In voting, the main idea of the distance rationalizability framework is to view the voters’ preferences as an imperfect approximation to some kind of consensus. This approach, which is deeply rooted in the social choice literature, allows one to define (“rationalize”) voting rules via a consensus class of elections and a distance: a candidate is said to be an election winner if she is ranked first in one of the nearest (with respect to the given distance) consensus elections. It is known that many classic voting rules can be distance-rationalized. In this article, we provide new results on distance rationalizability of several Condorcet-consistent voting rules. In particular, we distance-rationalize the Young rule and Maximin using distances similar to the Hamming distance. It has been claimed that the Young rule can be rationalized by the Condorcet consensus class and the Hamming distance; we show that this claim is incorrect and, in fact, this consensus class and distance yield a new rule, which has not been studied before. We prove that, similarly to the Young rule, this new rule has a computationally hard winner determination problem.

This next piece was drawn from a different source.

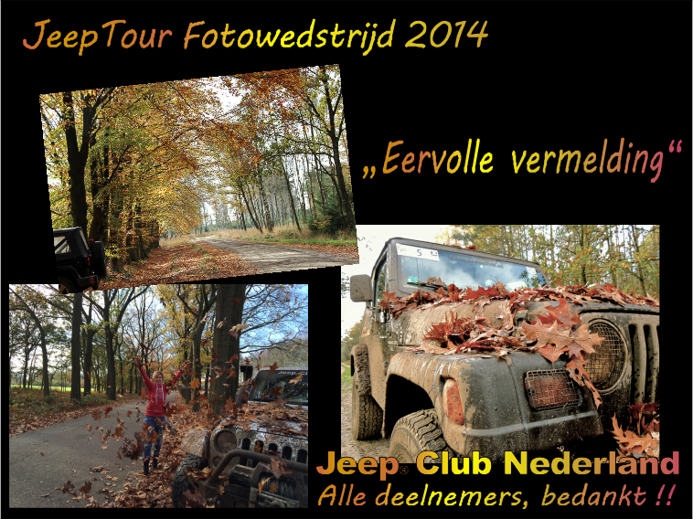 Roo4JK Posted December 2, 2014 Report Posted December 2, 2014 Bij deze de uitslag v/d JeepTour Fotowedstrijd van 9 november 2014 !! Na zwaar overleg........ waar gelet werd op o.a. : Creativiteit, kleur, belichting, scherpte en het thema. Is de uitslag: (zie afbeeldingen) Willen via deze weg alle deelnemers bedanken voor hun creatieve inzendingen. En in het bijzonder: Ang 1 Quote
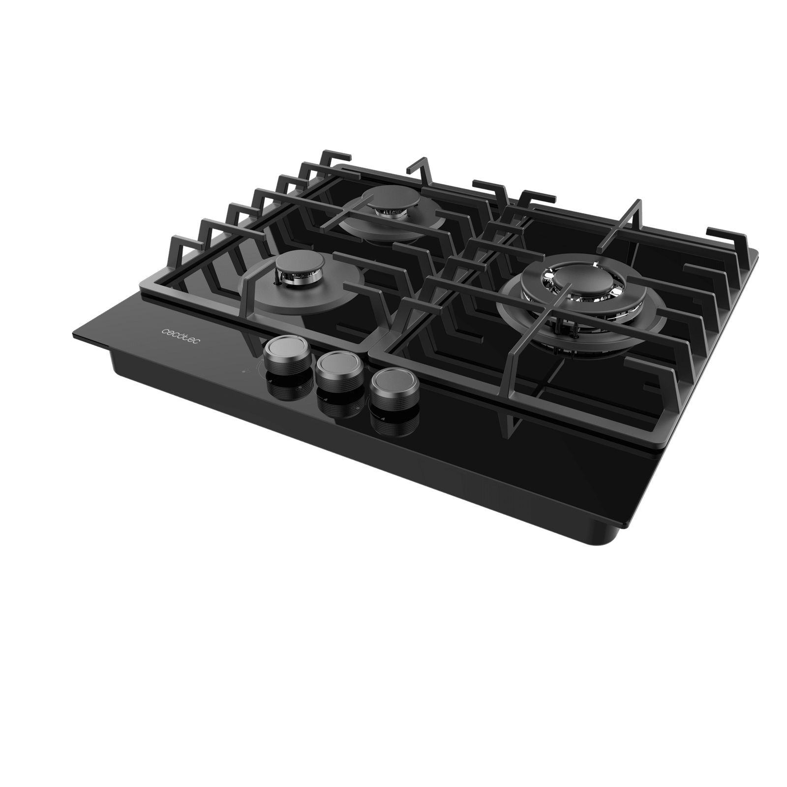 Bolero Squad G 3200F Glass Black Placa de gas preparada para instalación a GAS NATURAL DE 3 FUEGOS, acabado en cristal negro, parrillas completas de hierro fundido, potencia de 6,25kW, quemador WOK triple corona, encendido eléctrico, sistema de seguridad de las válvulas, para gas natural y accesorio para la conversión de gas incluído.

机译:在投票中,距离合理化框架的主要思想是将选民的偏好视为某种共识的不完美近似。这种方法深深扎根于社会选择文献中,它允许人们通过共识性的选举和距离级别来定义(“合理化”)投票规则:如果候选人名列第一,则被认为是选举获胜者。最近一次(相对于给定距离)共识选举。众所周知,许多经典的投票规则都可以进行距离合理化。在本文中,我们提供了一些与Condorcet一致的投票规则的距离合理性的新结果。特别是,我们使用类似于汉明距离的距离对Young规则和Maximin进行合理化距离分配。据称,可以通过Condorcet共识类和汉明距离来合理化Young规则;我们证明了这种说法是不正确的,并且实际上,这种共识类别和距离产生了一条新规则,该规则以前从未研究过。我们证明,与Young规则类似,该新规则也存在计算困难的获胜者确定问题。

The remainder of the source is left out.